What You'll Work On
Core Responsibilities
- Design and implement high-performance REST APIs that handle real-time LLM request proxying and logging
- Build asynchronous processing pipelines using distributed task queues for background job orchestration
- Optimize PostgreSQL queries and schema design for transactional data at scale
- Implement sophisticated Redis caching strategies for sub-millisecond response times
- Design data ingestion pipelines that write millions of events daily to analytical databases
- Work with WebSocket connections for real-time streaming responses
- Build evaluation and experimentation systems for AI model testing
Required Skills
Must-Have Technical Skills
1. REST API Development (Critical)
- Deep understanding of RESTful principles and API design patterns
- Experience building production APIs with:
- Authentication/authorization (JWT, API keys, OAuth)

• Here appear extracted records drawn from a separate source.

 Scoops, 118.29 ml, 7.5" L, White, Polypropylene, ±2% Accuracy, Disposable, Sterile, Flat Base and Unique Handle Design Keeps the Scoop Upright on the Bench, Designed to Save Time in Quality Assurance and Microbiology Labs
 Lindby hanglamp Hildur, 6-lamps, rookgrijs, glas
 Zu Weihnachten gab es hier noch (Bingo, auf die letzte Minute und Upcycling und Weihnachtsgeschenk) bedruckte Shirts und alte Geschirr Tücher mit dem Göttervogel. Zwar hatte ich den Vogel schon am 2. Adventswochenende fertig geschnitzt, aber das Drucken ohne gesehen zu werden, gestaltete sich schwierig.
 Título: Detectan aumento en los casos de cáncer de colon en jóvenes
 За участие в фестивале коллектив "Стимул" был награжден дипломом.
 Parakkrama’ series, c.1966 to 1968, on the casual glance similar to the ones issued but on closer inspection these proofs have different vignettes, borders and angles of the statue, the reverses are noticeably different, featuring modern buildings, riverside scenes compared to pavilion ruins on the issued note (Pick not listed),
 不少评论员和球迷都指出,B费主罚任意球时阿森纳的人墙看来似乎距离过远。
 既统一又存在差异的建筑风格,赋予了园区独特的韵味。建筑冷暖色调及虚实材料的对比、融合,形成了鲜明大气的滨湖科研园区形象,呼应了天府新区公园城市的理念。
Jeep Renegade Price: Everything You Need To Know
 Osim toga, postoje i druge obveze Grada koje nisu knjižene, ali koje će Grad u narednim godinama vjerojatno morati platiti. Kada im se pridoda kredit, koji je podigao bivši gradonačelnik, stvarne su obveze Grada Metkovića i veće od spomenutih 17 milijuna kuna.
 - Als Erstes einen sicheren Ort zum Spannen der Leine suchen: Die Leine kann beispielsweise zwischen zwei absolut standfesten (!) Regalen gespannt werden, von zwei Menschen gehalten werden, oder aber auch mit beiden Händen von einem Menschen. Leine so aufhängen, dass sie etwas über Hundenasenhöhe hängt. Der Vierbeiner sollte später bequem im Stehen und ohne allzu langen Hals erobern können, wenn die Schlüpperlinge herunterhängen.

- Request validation and serialization
- Rate limiting and throttling
- Pagination and filtering
- API versioning strategies
- Comfortable with OpenAPI/Swagger specifications
- Experience with middleware patterns and request/response interceptors
2. PostgreSQL Expertise (Critical)
- Advanced SQL query optimization and indexing strategies
- Understanding of ACID transactions and isolation levels
- Experience with:
- Complex joins and aggregations
- Database migrations and schema evolution
- Connection pooling (pgBouncer, connection pool managers)
- Query plan analysis and performance tuning
- Knowledge of PostgreSQL-specific features (CTEs, window functions, JSONB)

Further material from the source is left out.